DATA TO EXAMINE:
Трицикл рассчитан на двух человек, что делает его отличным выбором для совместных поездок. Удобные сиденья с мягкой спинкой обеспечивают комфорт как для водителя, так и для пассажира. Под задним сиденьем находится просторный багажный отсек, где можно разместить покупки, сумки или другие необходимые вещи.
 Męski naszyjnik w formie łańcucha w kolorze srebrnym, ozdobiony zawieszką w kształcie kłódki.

* * *

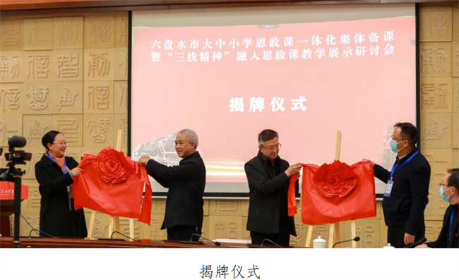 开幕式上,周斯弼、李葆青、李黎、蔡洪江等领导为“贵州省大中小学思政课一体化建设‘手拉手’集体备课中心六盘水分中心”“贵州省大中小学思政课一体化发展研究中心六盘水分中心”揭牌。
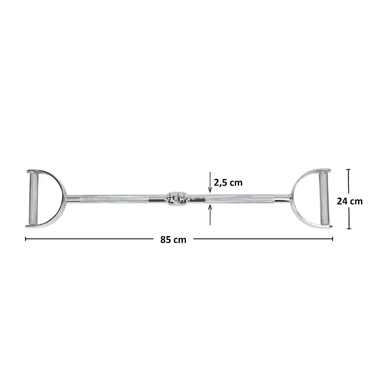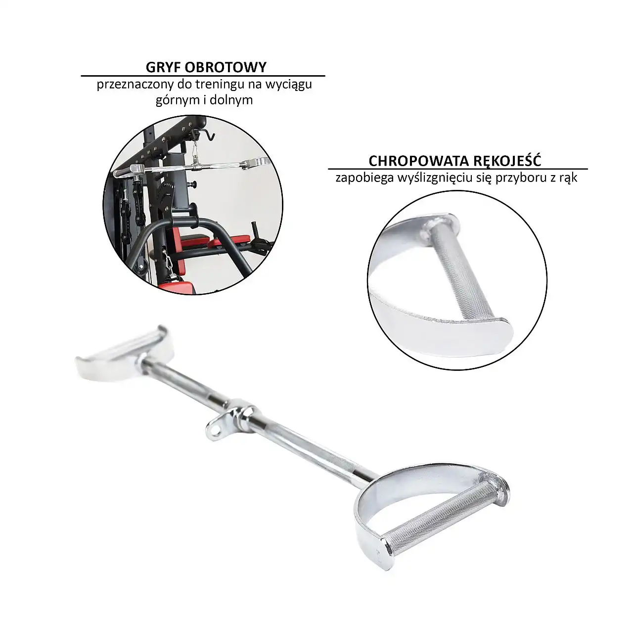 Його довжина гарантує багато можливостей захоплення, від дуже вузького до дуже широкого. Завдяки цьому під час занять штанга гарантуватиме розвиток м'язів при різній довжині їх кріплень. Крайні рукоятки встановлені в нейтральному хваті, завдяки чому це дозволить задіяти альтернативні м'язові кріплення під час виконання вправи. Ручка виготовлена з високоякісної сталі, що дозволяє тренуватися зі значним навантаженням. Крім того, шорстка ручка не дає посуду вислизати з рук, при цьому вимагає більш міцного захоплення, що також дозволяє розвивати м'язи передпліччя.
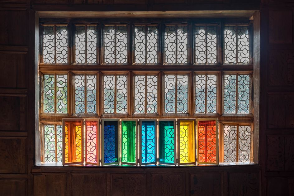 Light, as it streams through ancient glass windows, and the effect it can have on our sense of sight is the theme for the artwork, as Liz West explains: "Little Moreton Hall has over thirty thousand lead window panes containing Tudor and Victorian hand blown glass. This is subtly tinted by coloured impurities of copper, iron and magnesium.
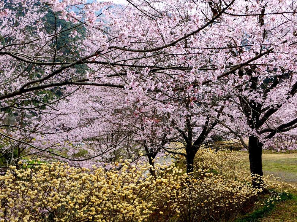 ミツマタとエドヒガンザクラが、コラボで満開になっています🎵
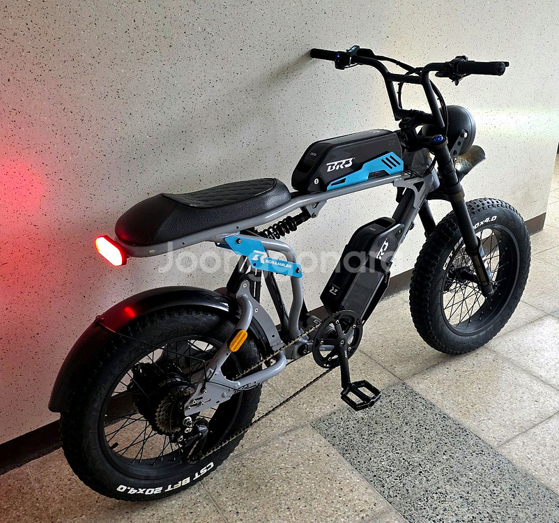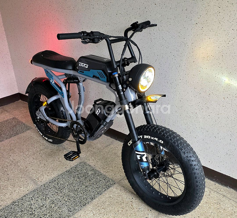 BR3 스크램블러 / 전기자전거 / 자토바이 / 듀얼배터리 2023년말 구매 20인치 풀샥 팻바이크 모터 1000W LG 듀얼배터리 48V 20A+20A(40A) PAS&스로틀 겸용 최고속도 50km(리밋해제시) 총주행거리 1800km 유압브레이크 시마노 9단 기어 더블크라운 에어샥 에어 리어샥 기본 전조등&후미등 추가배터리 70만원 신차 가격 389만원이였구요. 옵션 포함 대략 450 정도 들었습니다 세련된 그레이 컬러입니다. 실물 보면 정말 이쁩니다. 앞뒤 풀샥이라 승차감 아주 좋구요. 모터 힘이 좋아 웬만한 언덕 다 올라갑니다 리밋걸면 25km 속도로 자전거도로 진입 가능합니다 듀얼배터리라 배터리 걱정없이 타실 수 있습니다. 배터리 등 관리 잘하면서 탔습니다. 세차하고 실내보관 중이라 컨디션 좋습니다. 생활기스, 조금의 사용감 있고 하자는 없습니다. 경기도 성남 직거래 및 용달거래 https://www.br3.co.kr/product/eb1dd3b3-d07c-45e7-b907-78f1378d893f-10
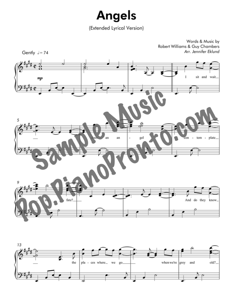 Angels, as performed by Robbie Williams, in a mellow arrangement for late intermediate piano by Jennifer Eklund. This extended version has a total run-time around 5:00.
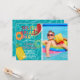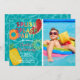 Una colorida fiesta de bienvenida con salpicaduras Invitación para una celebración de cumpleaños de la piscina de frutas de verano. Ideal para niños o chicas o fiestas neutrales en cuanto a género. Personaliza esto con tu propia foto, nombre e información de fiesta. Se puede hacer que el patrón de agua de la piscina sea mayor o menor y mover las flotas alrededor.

TASK GOAL: Everything from the line with "Трицикл рассчитан на" through the line with "Męski naszyjnik w" should be written out exactly as it appears above, end lines included, and nothing outside that range.

RESULT FOR THIS EXERCISE:
Трицикл рассчитан на двух человек, что делает его отличным выбором для совместных поездок. Удобные сиденья с мягкой спинкой обеспечивают комфорт как для водителя, так и для пассажира. Под задним сиденьем находится просторный багажный отсек, где можно разместить покупки, сумки или другие необходимые вещи.
 Męski naszyjnik w formie łańcucha w kolorze srebrnym, ozdobiony zawieszką w kształcie kłódki.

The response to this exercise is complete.